Bunuh relasi dengan teman dan keluarga

Pinjol diawali dengan jaminan identitas: KTP/SIM/Paspor, NPWP, dan nomor keluarga, lalu nomor teman. Ketika kamu nggak bisa bayar maka keluarga kamu diteror. Sudah habis nama keluarga, kamu kasih nomor teman, sudah habis nomor teman, kamu ganti atau mematikan nomormu. Habis itu debt collector bisa aja dateng ke rumah, bukan cuma buat nagih, tapi buat mempermalukanmu di depan tetangga-tetanggamu, saudaramu, dan temen-temenmu. Kamu udah miskin, masa kehilangan harga diri juga, jadi kamu takut dan membunuh semua relasimu dengan keluarga, teman, tetangga, dan aplikasi pinjol itu, HP kamu, dan semua kontak kerjamu. Identitas sudah kamu gadaikan, kamu ga bisa ngutang lagi dan kamu merasa semua orang kamu bebani. Kamu jadi sendirian.

Bunuh relasi dengan pekerjaan dan sosial media

Karena kamu ga bisa pake identitas dan hubungan sosialmu, kamu tambah susah cari kerja. Kamu malu buka sosial media aslimu, akun aslimu, karena kamu sudah pakai nama keluarga dan temanmu untuk pinjol. Dan kamu takut ditagih di sosial media. Uangnya ga ada, dan kamu nggak tahu gimana cara jelasin bahwa kamu miskin, atau tolol karena make pinjol buat kredit motor biar bisa ngegojek, yang mana udah diambil leasing juga motornya karena ga bisa bayar kredit motor dan kredit pinjol. Sekarang kamu cuma punya HP dan kuota.
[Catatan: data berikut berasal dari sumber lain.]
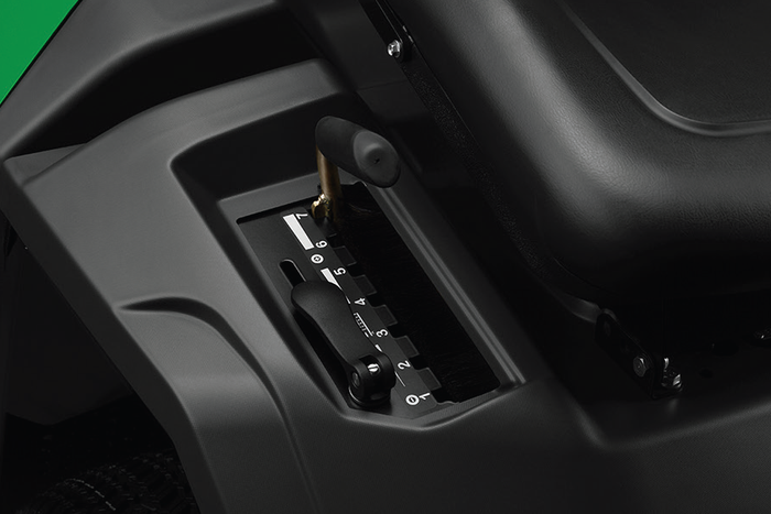 Дека имеет 7 установленных положений регулировки высоты кошения в диапазоне от 25 до 80 мм. Рычаг регулятора находится под рукой оператора и защищен стопорным механизмом во избежание случайного переключения.
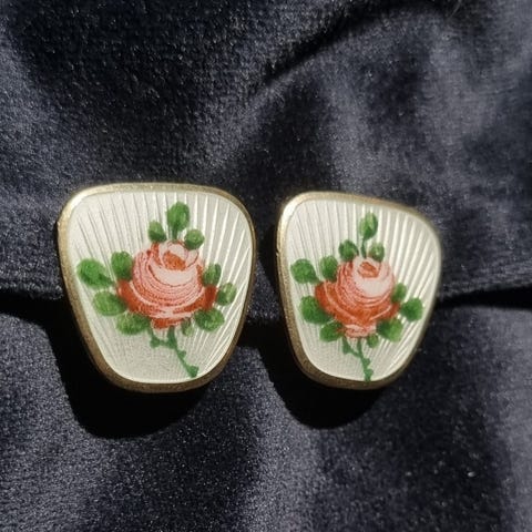 Ingen avskall i emaljen, derimot et felt på den ene der de har malt det røde litt utenfor ( Fra produksjonen) Ikke noe man ser da de er i ørene, jeg har jo kjøpt de og ikke sett det før nå!
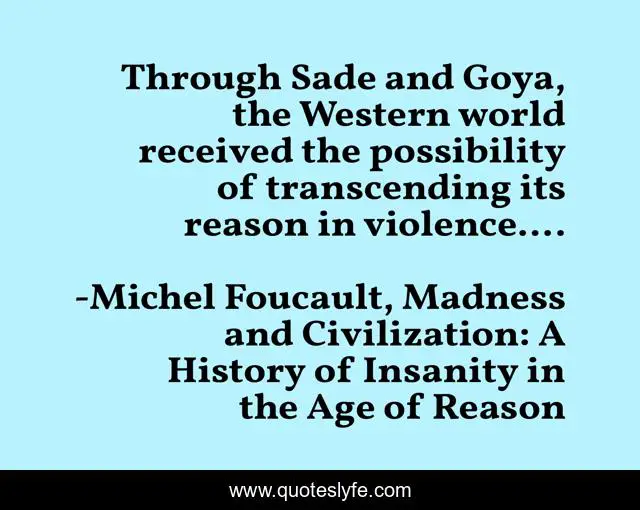 "Michel Foucault, Madness and Civilization: A History of Insanity in the Age of Reason Quotes." Quoteslyfe.com, 2025. Sat. 06 Dec. 2025. <https://www.quoteslyfe.com/quote/Through-Sade-and-Goya-the-Western-world-189710>.
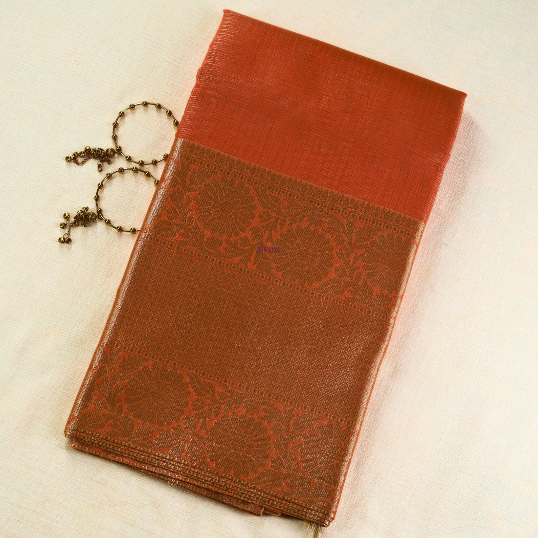 Tissue sarees are crafted from finely woven silk, creating a lightweight yet lustrous fabric that drapes beautifully. Known for their subtle sheen and delicate texture, these sarees feature intricate zari work that enhances their elegance. Ideal for weddings and festive events, tissue sarees bring a touch of timeless grace to any occasion.
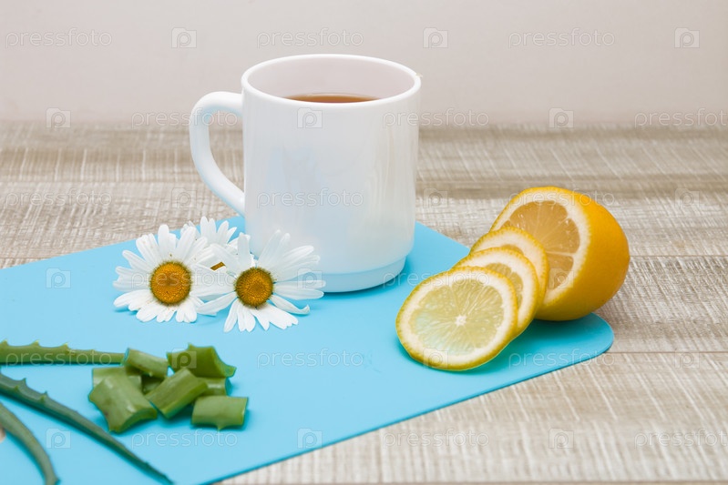 Натуральные продукты для лечения сезонных простуд, лимон, алоэ, ромашковый чай, синий фон, деревянный стол, копия пространства
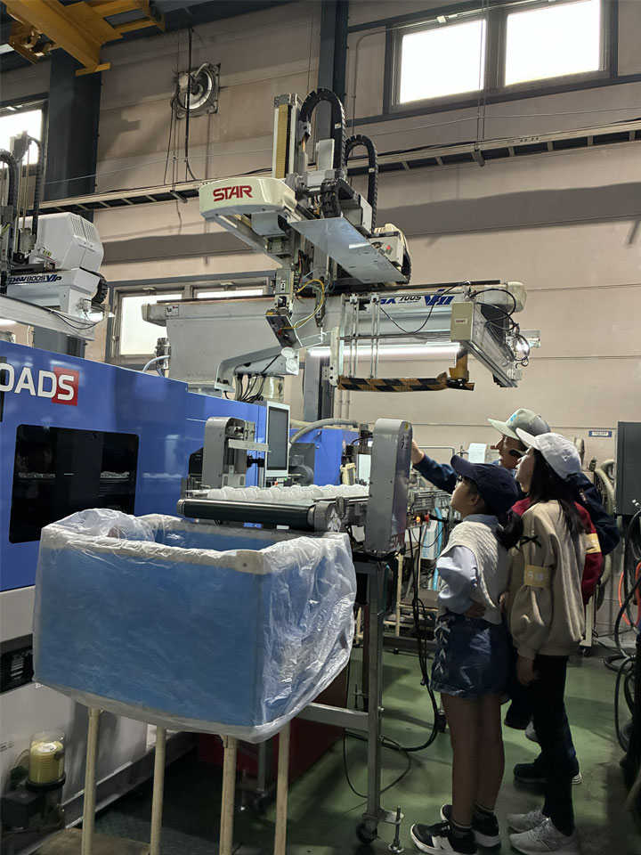 成形機に投入して溶けた材料が、金型に流し込まれて製品となって出てくるまでの流れを実際に見ることで、ふだんの生活で目にする沢山のプラスチック製品をより身近に感じる機会になったのではないかと思います。

Perut laper, untung masih ada air.

Bunuh relasi dengan diri sendiri

Kamu nggak pengen jadi kamu. Malu. Banyak utang. Ga bisa kerja. Irrelevan. Menyusahkan orang lain. Maka kamu mulai bentuk diri yang baru di internet, mungkin mengaktifkan akun lama yang palsu yang dulu dibikin buat stalking mantan. Terus kamu mulai jadi manusia impianmu, yang nggak ada utang, misterius, mungkin ganteng/cantik banget, bodynya sempurna, pinter, temennya banyak, kaya.

Sampe kuota habis.

Kamu malu buat keluar numpang wi fi. Kamu malu buat keluar dan ketemu orang dan dunia nyata, malu sama keluarga, malu sama teman. Lalu lama-lama listrik mati. Ga ada duit kuota, gak ada duit listrik. Kamu mau kelaparan aja. Tapi laper dan haus ga enak. Lalu kamu memutuskan untuk…

Bunuh diri

Disini kamu sudah keracunan logika pinjol. Logikanya sederhana: bahwa diri manusia dibuat dari hubungan-hubungan; dengan keluarga, teman, kantor, kolega, dan sosial media. Pinjol memang tidak minta jaminan harta fisik (yang mungkin kamu juga gak punya), pinjol juga ga minta jaminan kredit sebelumnya yang sering diminta sama credit card. Dia nggak minta record utang kamu. Tapi yang dia minta lebih parah lagi: dia minta nyawamu dari awal.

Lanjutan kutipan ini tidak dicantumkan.